Picaresque in structure, each chapter of ORCHID & THE WASP takes place over the course of one day in Gael’s life. When the book opens, Gael is only eleven; already fighting to hold her family together in the wake of her father’s affair. When he leaves and takes the title deeds with him, Gael steps in to save her mother’s career, as much as her person, and convinces her fragile brother of their home’s structural integrity. Desperate to outmaneuver downward mobility, Gael concocts a scheme that takes her far from Dublin, through the coke-dusted social clubs of London, the New York gallery scene, and to the early days of the Occupy movement, in a brilliant bid to save her loved ones.
With the fierce and unmatched Gael at its center, ORCHID & THE WASP is ambitious, gorgeous, immensely intelligent, and unapologetic in the best sense of the word. It is also remarkably timely, shining a bright light on this late Neo-Liberalist moment, as well as the dearth of strong, driven female protagonists in literature and entertainment—increasingly apparent in this #metoo moment. Gael takes a shrewd, swift account of the world around her and then barrels in, full force, demanding for herself what won’t come about naturally.
In electric prose, ORCHID & THE WASP wrestles with sexuality, economics, and the fallacy of meritocracy, and crackles with joyful fury and humor. Hughes examines what makes for a good life; what we are owed and what we must earn; and how events in our lives can turn us into people we never intended to be. A first novel of astonishing talent, ORCHID & THE WASP announces an exciting and singular new literary voice in Caoilinn Hughes.

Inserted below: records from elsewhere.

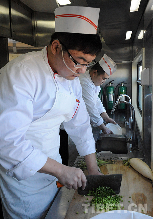 我在北京鐵路客運(yùn)段京藏列車第二組的餐車?yán)锟吹?,列車在通過唐古拉山區(qū)段時,餐車正在為旅客提供炒菜服務(wù)。我采訪的廚師長孫冠軍告訴我,京藏列車自開通運(yùn)營以來,除了像西紅柿炒雞蛋因高原沸點(diǎn)低而無法炒成片外,其他三四十種可口飯菜都能在列車運(yùn)行中的高海拔地段完成。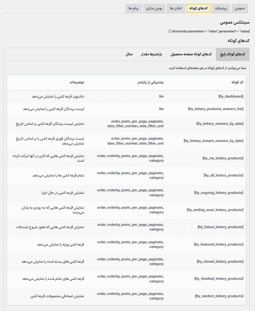 - پارامترهای URL برای داشبورد قرعهکشی.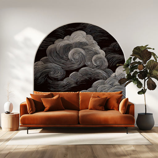 Visualizza tutti i dettagliMurale con Carta da Parati a Nuvole Astratte Vorticose | Arte del Cielo Monocromatica Testurizzata
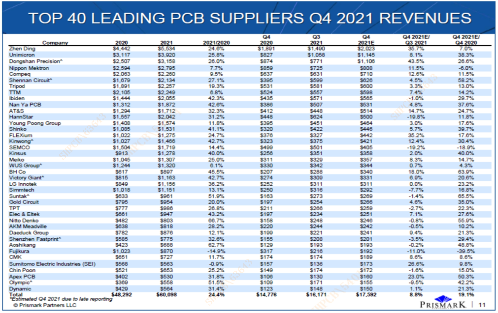 尊龙集团科技位列2021年Q4全球40强PCB企业第22名

About the author: Caoilinn Hughes is an Irish writer whose poetry collection Gathering Evidence won the Irish Times Shine/Strong Award. She is a fellow of the James Merrill Foundation, the Bogliasco Foundation, the Tin House Workshop, and Art Omi, and has received a Literature Bursary Award from the Arts Council of Ireland, and the Ireland Funds Monaco Award. Her work has appeared in Tin House, Granta, POETRY, Best British Poetry, BBC Radio 3, and elsewhere. She divides her time between the Netherlands and Ireland.